* Exercise description
Pictures excluded, output the lines of the data below between the one holding "Брендовое весеннее осеннее" and the one holding "Khliehriat East village", inclusive, exactly as they stand.

* Entries supplied
►

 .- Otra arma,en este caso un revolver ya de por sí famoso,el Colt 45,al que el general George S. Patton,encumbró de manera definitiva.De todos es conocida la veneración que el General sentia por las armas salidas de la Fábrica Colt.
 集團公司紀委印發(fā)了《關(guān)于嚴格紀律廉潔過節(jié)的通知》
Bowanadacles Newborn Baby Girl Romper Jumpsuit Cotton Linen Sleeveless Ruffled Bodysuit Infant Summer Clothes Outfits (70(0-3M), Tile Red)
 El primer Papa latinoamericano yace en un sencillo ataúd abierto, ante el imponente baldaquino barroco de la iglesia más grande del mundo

◄
►

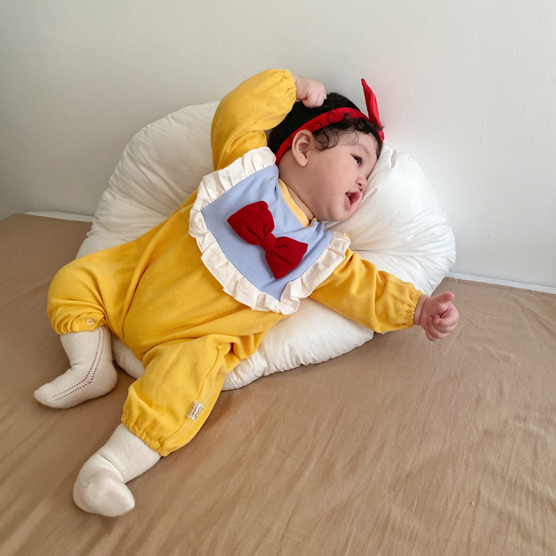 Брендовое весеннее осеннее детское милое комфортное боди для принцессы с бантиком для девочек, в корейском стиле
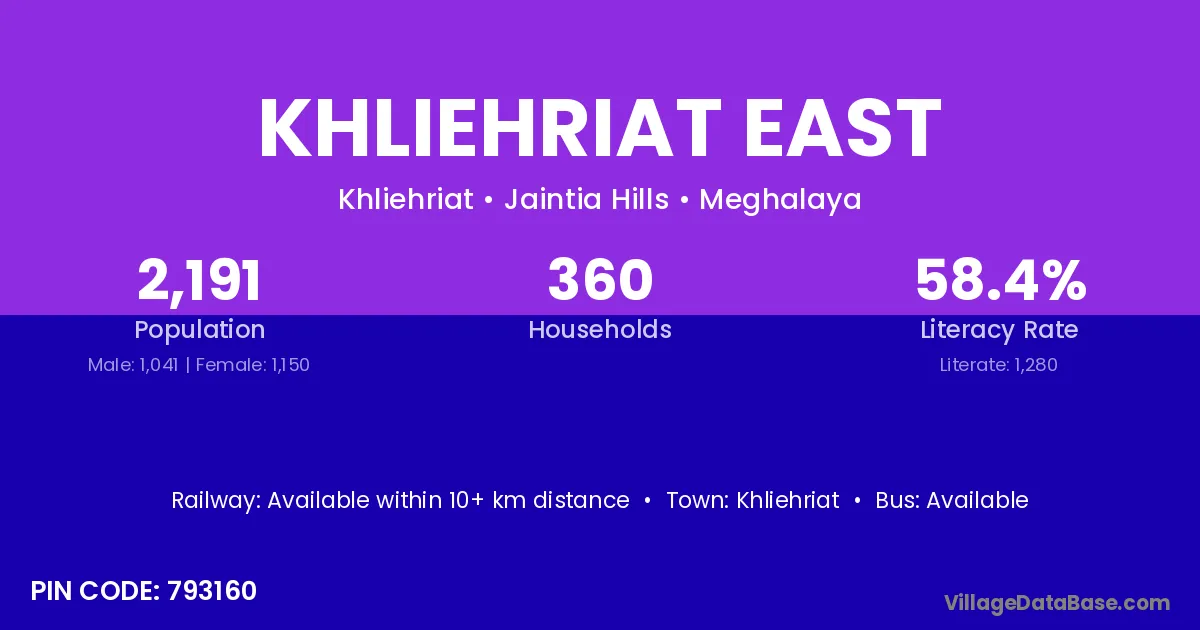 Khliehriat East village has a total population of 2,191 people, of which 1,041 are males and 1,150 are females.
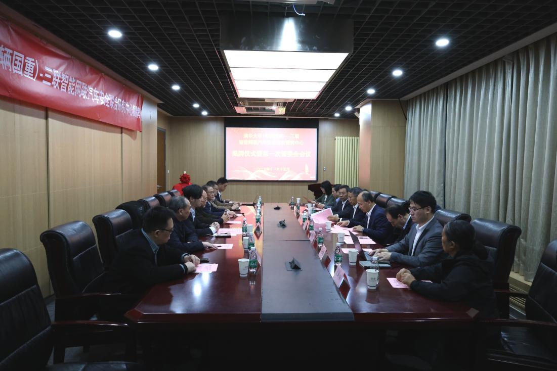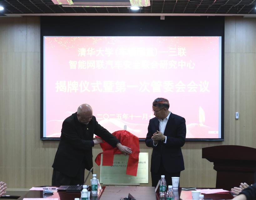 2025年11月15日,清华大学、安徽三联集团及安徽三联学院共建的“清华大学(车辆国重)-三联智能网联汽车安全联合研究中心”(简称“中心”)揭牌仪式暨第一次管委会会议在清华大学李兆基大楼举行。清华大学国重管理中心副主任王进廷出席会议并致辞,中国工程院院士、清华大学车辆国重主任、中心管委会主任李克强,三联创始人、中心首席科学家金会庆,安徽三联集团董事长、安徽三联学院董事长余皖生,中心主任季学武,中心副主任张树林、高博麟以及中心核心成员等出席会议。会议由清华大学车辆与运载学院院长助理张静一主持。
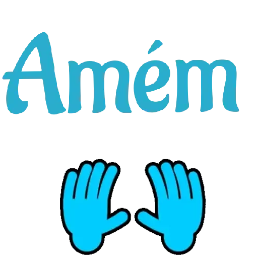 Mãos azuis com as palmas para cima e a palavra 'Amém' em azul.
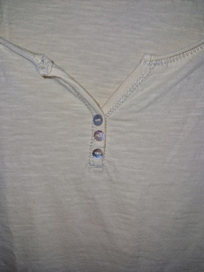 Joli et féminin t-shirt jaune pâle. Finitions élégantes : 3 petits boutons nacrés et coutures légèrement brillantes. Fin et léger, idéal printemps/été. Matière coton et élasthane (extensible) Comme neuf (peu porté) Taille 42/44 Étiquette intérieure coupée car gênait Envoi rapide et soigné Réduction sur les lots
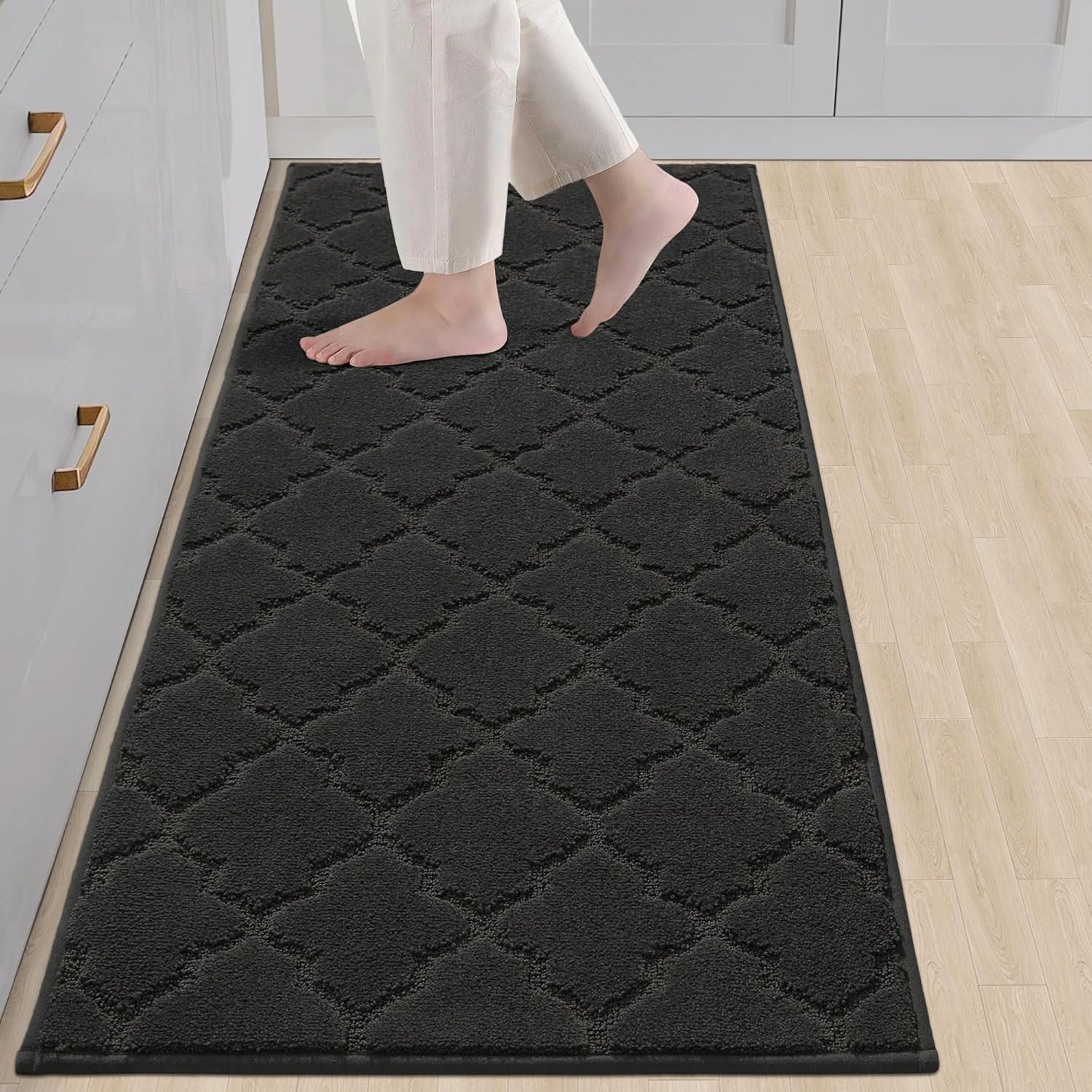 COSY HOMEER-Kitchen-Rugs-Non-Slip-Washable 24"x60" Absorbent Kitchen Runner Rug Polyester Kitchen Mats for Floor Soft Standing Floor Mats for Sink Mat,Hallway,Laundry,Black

◄
►

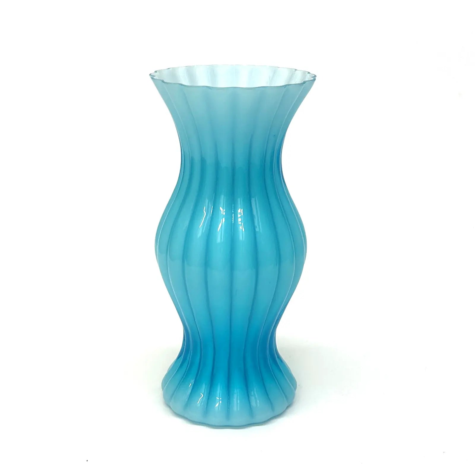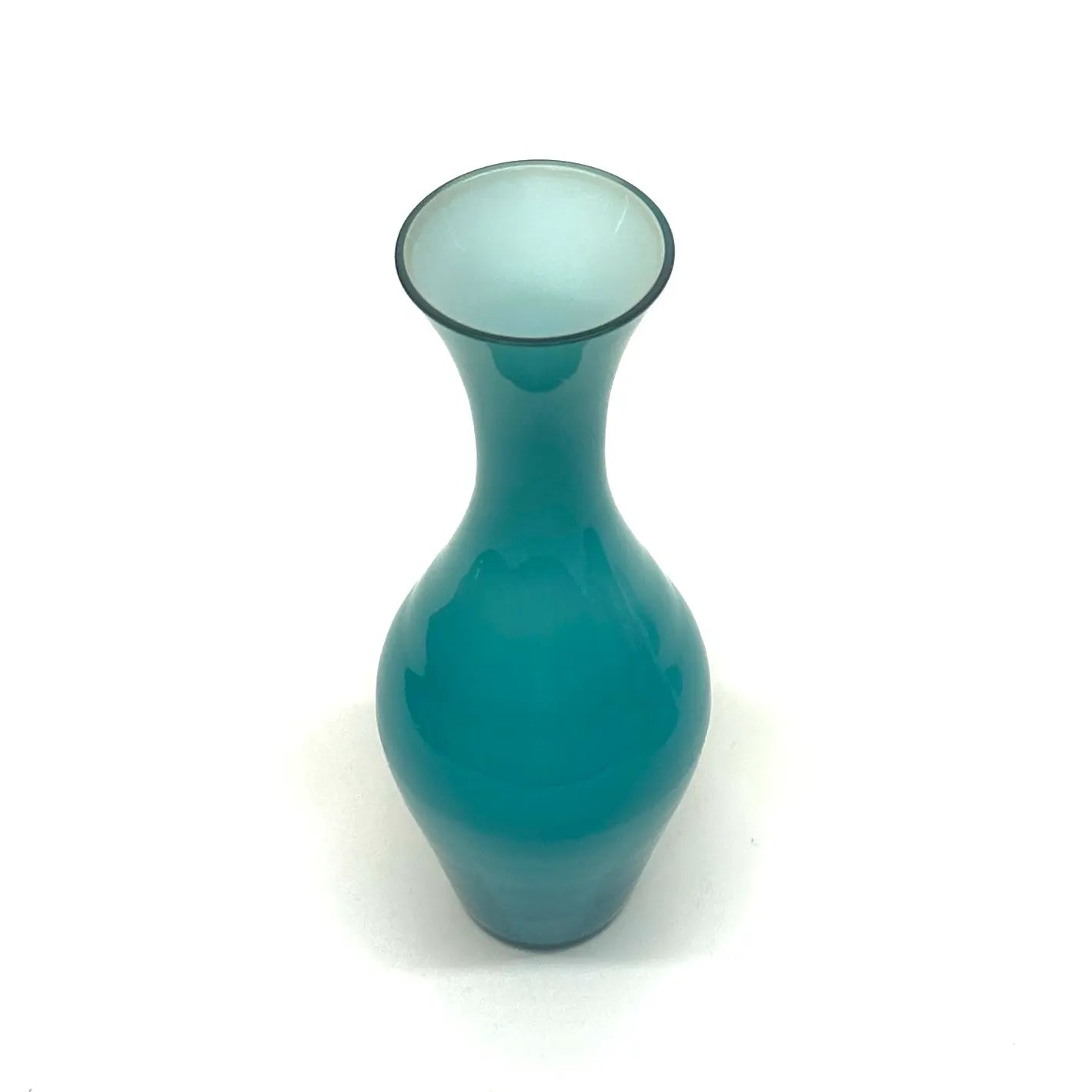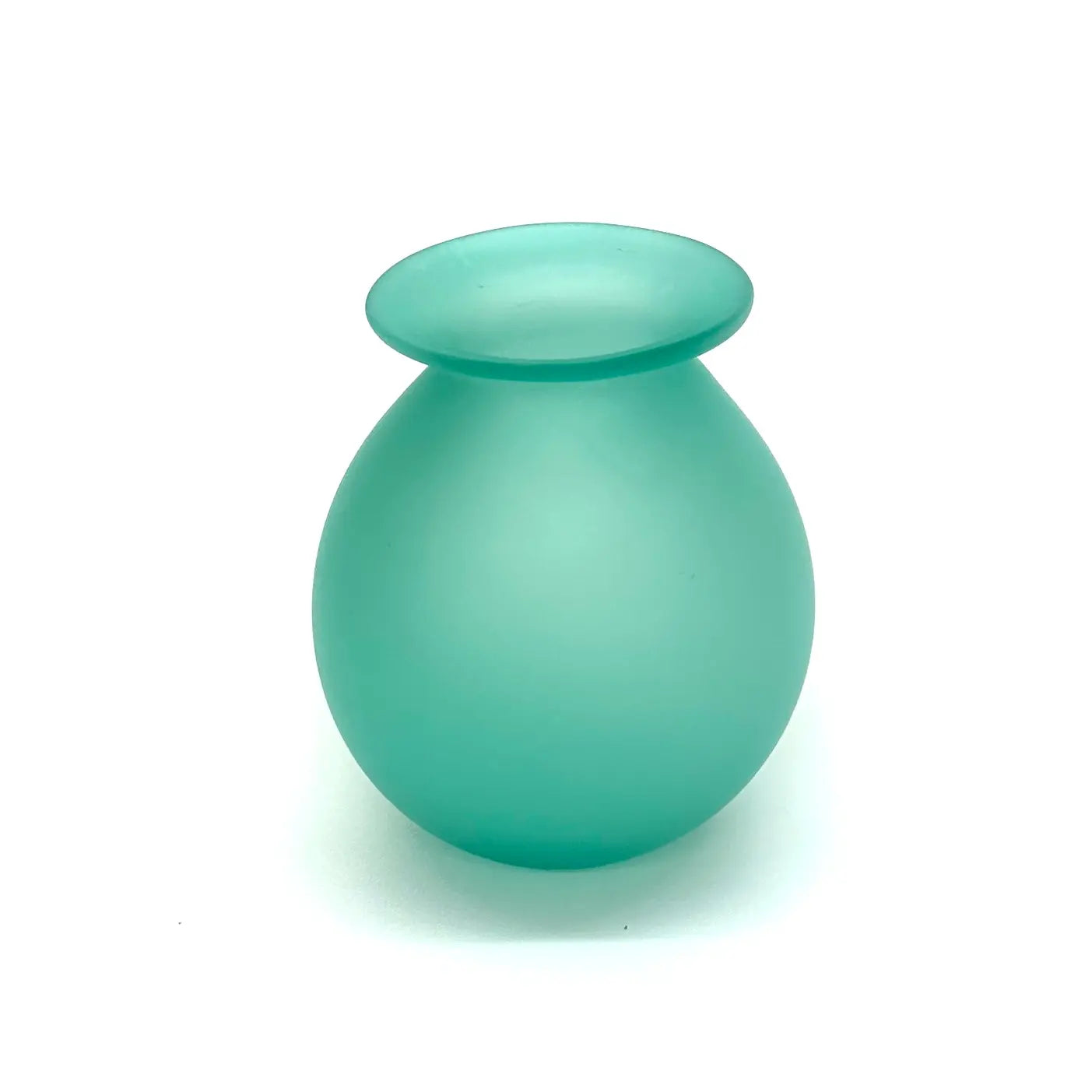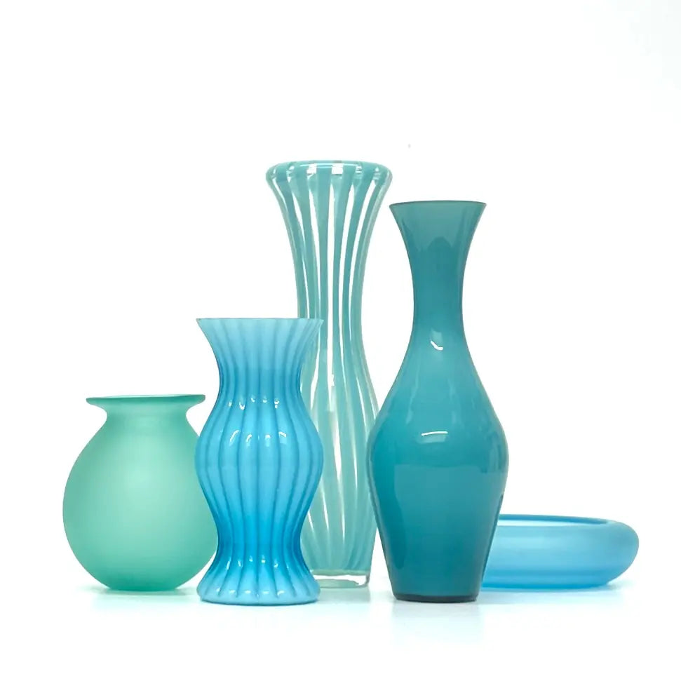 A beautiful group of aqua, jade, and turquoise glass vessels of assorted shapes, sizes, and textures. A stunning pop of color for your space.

◄

* Written reply
 Брендовое весеннее осеннее детское милое комфортное боди для принцессы с бантиком для девочек, в корейском стиле
 Khliehriat East village has a total population of 2,191 people, of which 1,041 are males and 1,150 are females.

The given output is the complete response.